I once heard someone claim that “aborigine” was a racist term for First Nations people. By analogy to “abnormal,” he interpreted “aborigine” to mean “not of the same origins,” and refused to believe me when I said it was simply Latin for “from the beginning” – that is people who have always lived in a land. However, after doing a little digging, I believe that he may have been right for the wrong reason.
I had always assumed that “aborigine” was a word coined by the builders of the 19th Century European empires. Recently, however, I found that the word was used by the Romans themselves since at least the start of the common era.

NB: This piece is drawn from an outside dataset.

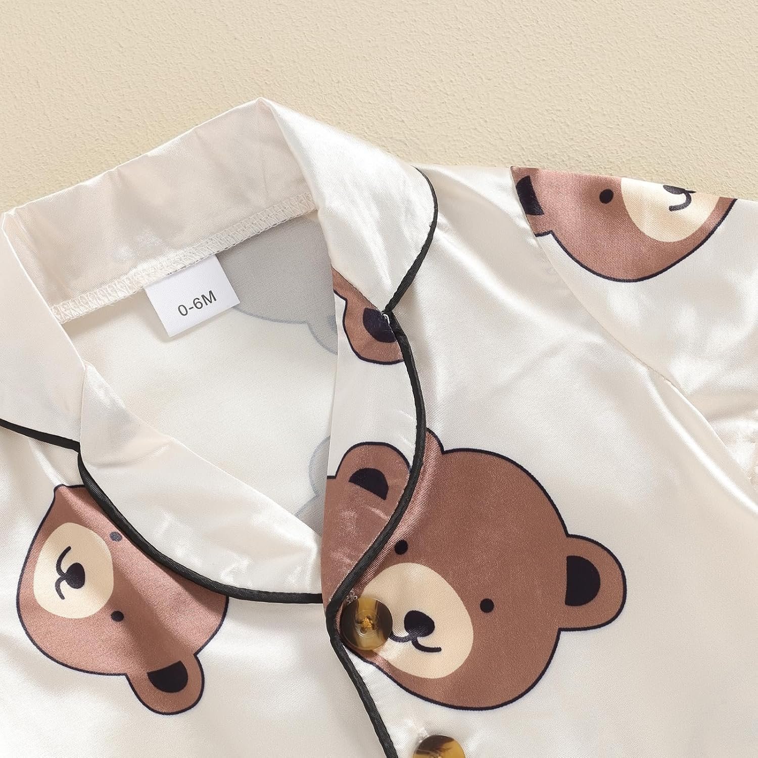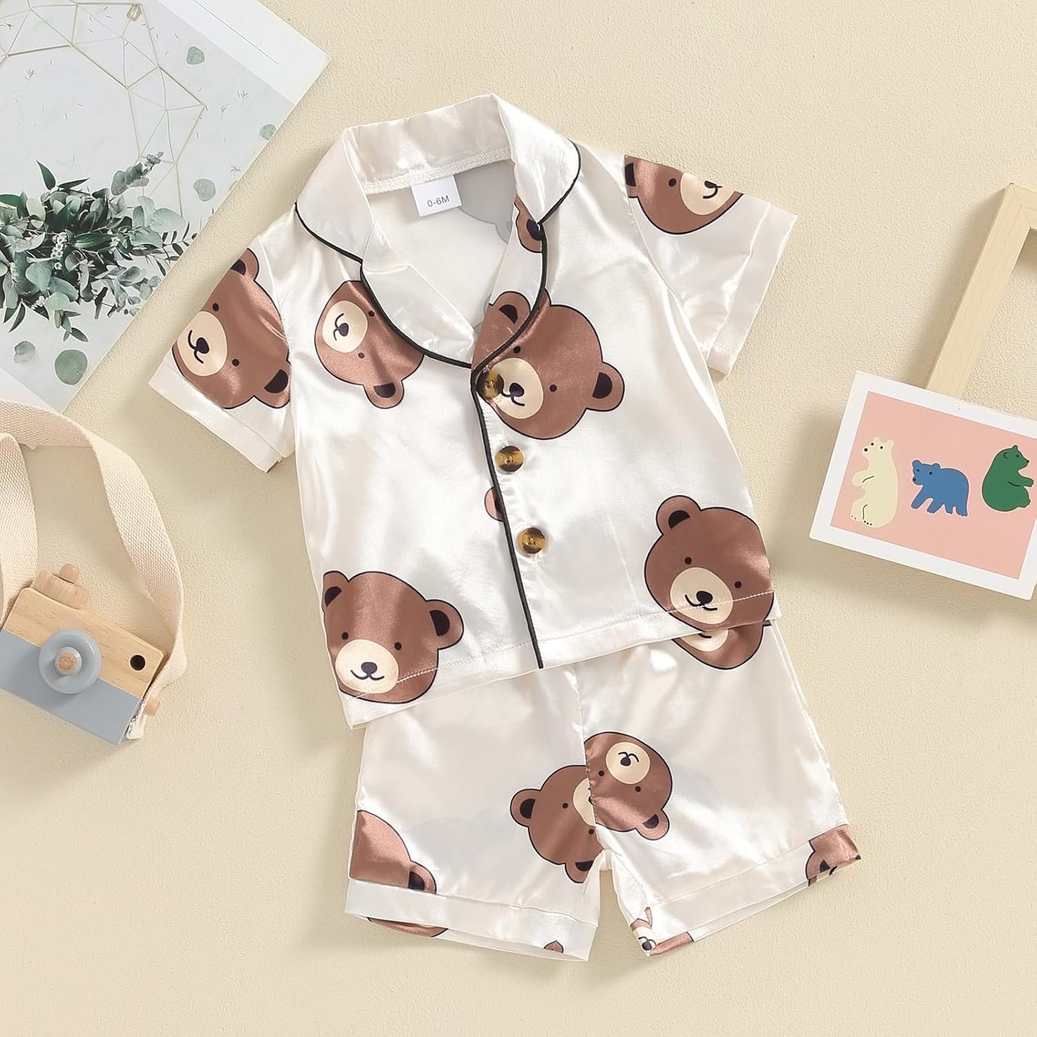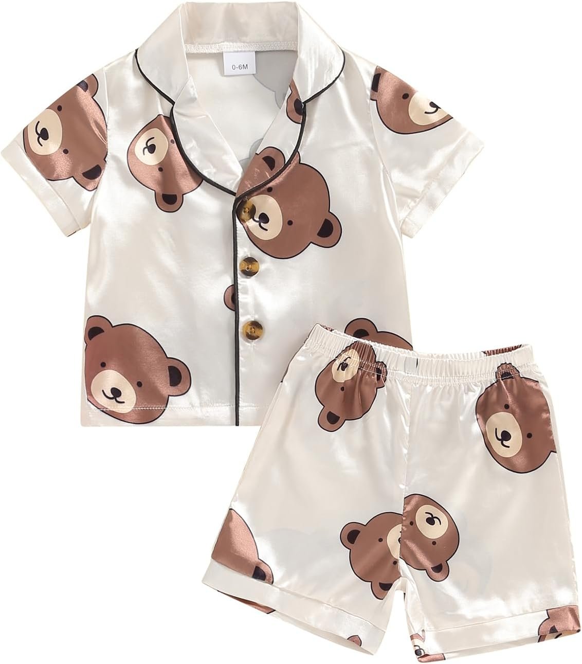 MAINESAKA Kids Baby Girl Boy Satin Pajamas Set Short sleeve Button Down Shirt And Shorts Pjs Summer Sleepwear Nightwear

The best known use of the word is by Virgil in the Aeneid to refer to the original inhabitants of Italy. As you may know, the Aeneid gives Rome’s ruling class a heroic ancestry, making them the descendants of the Trojan hero Aeneas, who fled the sack of Troy by the Greeks and lengthy wanderings and adventures, settled in Italy. The Aborigines were the local people Aeneas found there, fought with, and eventually dispossessed.
Besides this myth of origins, “aborigine” also seems to have used outside of literature to refer to the city states and cultures around Rome that were conquered during republican times. Eventually, these cultures would absorb Roman culture and receive full rights as citizens, but as late as the last days of the republic, they were considered not quite as good as those born Roman. For instance, the lawyer and orator Cicero may have been a senator and even served in the highest offices of the government, but he was always known as a New Man, meaning someone not born in Rome, or with any pretense to nobility.
In both these useages, the innocuous-sounding word takes on a more unpleasant connotation. In both Roman literature and history, “aborigine” did not refer only to the first people who lived in a country. More specifically, it was a word applied to those conquered by the Romans.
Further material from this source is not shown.